Paul Harvey, assistant professor of management at the University of New Hampshire, and Kenneth Harris, assistant professor of management at Indiana University Southeast, investigated behavior of workers who feel entitled and how their behavior impacts job-related emotions, such as frustration. The researchers were especially interested in how frustration by entitlement-minded workers can affect other actions, such as abusing co-workers and engaging in political behavior in the workplace. The researchers also looked at how managers and organizational leaders can mitigate the effects of entitlement through more communication. They surveyed 223 full-time employees from a variety of organizations. The average age of the sample was 42.8 years and the gender composition was 45 percent male and 55 percent female. Participants reported an average of 10.1 years of tenure at their current employers.
The researchers found that individuals with strong entitlement-driven self-perceptions can feel more frustrated and dissatisfied with their work lives than employees with a more objective view of their relative worth and their contributions.
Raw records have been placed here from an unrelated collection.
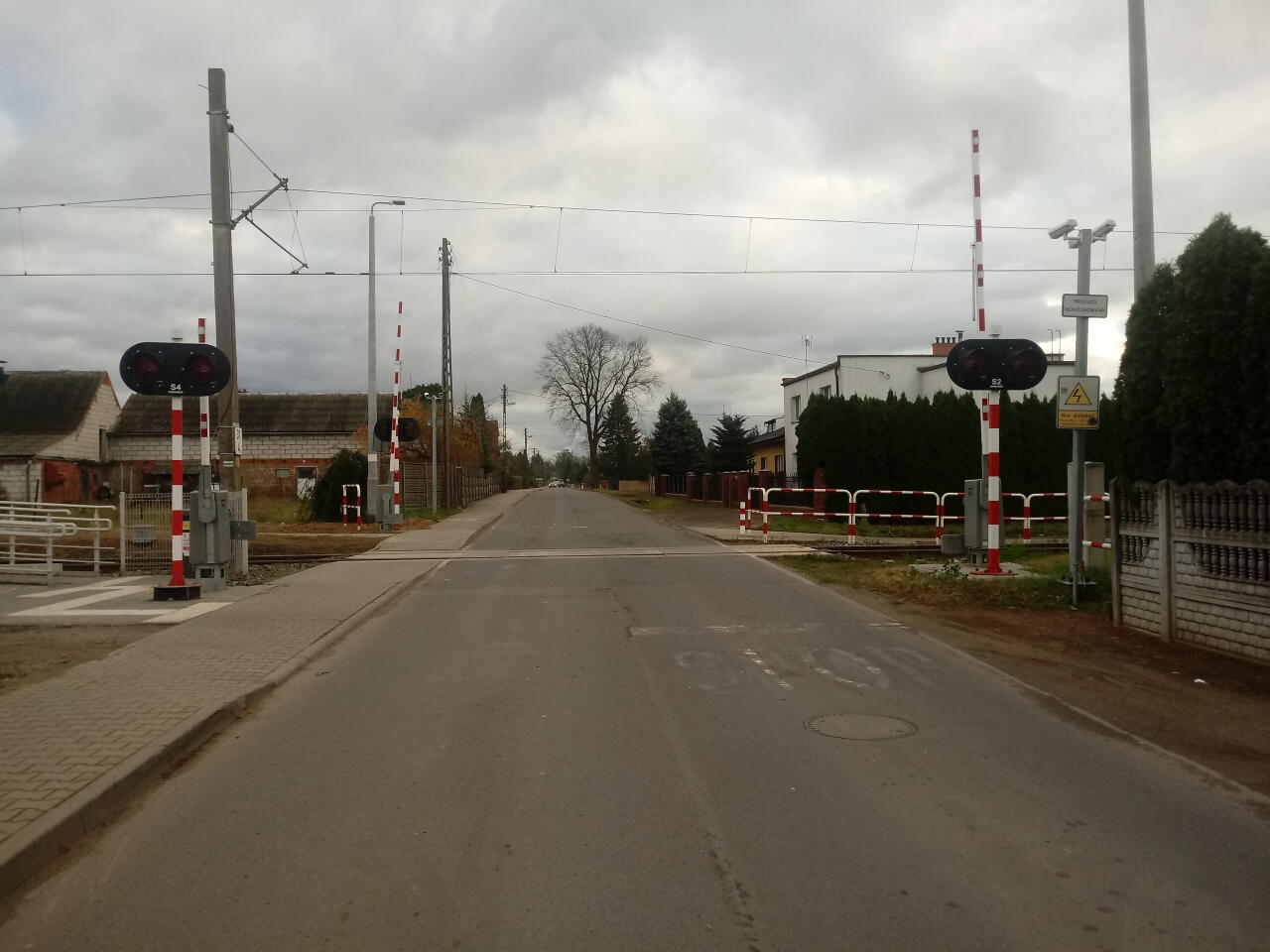 Przejazd kolejowy w Rożnowie (ul. Dworcowa) - widok w kierunku Obornik/Poznania.
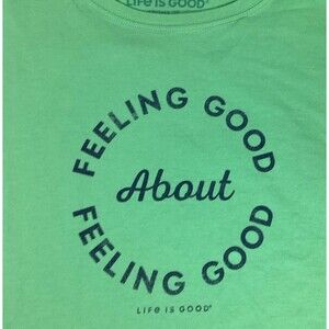 * Green "Feeling Good About Feeling Good" Graphic; Crusher Tee; Chest: 25-1/2" (laying flat, measured underarm to underarm, not doubled); Length: 27 (laying flat, measured from top of back collar to bottom hem)
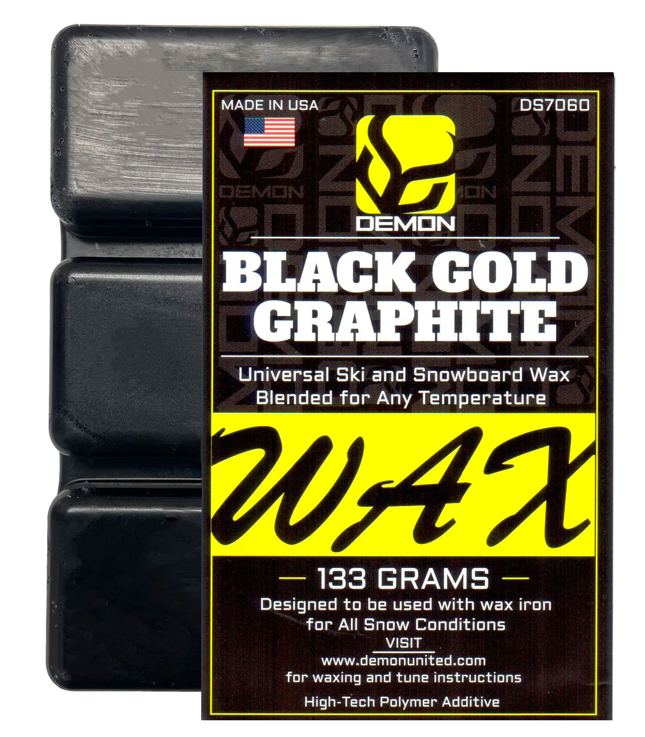 Demon black gold speed wax, Perfect for any rider wanting to get down the slope first which is a high-performance blend of graphite and special additives to ensure the best wax for your ride down the slopes. Grab the Demon iron, scrapper, and buff pad and give your ride the ultimate speed wax.
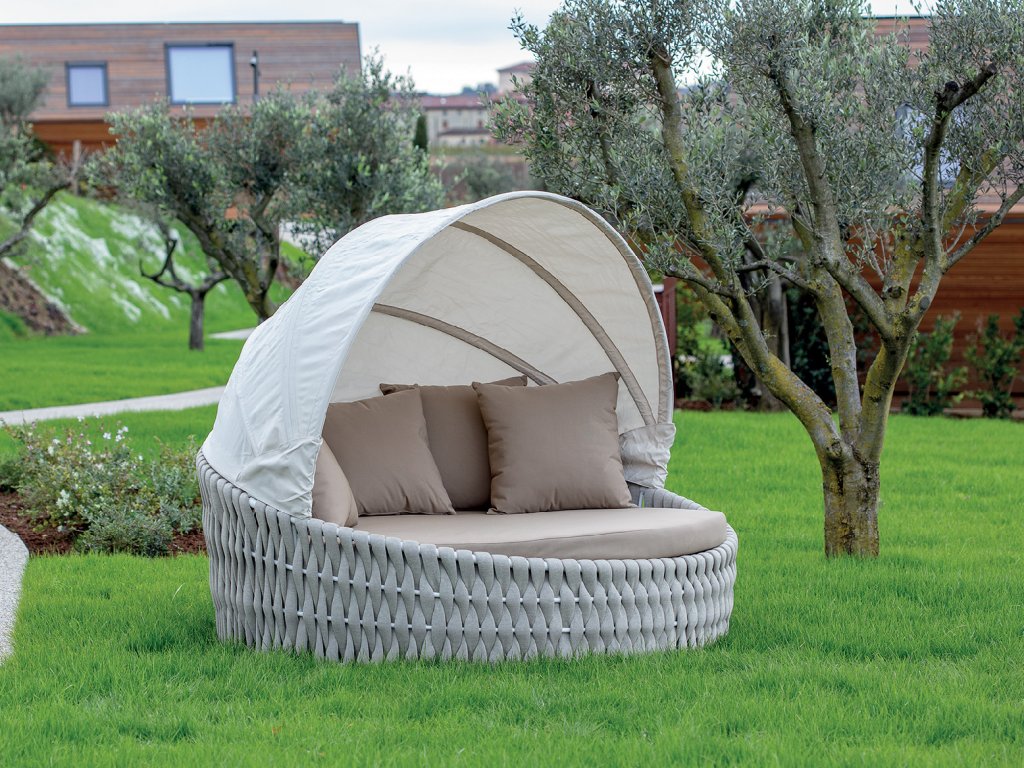 - Exteriérová okrúhla dvoj-posteľ EDEN vytvorí na Vašej terase, záhrade alebo pri bazéne pravú oázu pokoja.

The entitled employees also engaged in abusive workplace behaviors such as insulting, breaking promises and spreading rumors about co-workers in response to job-related frustration. They also were more likely to engage in political behaviors such as ingratiation, self-promotion and doing favors. While such political behaviors often are considered acceptable to draw attention to employees who have earned such recognition, the researchers note that these behaviors also can be used to promote favoritism and influence an inequitable distribution of rewards.
“Entitled employees are prone to experiencing relatively high levels of job-related frustration. Unfortunately, supervisors who increase communication with such employees can increase, rather than decrease, employee frustration. This finding gives us some insight about how managers might choose, or in this case not choose, to deal with entitled subordinates,” Harvey says.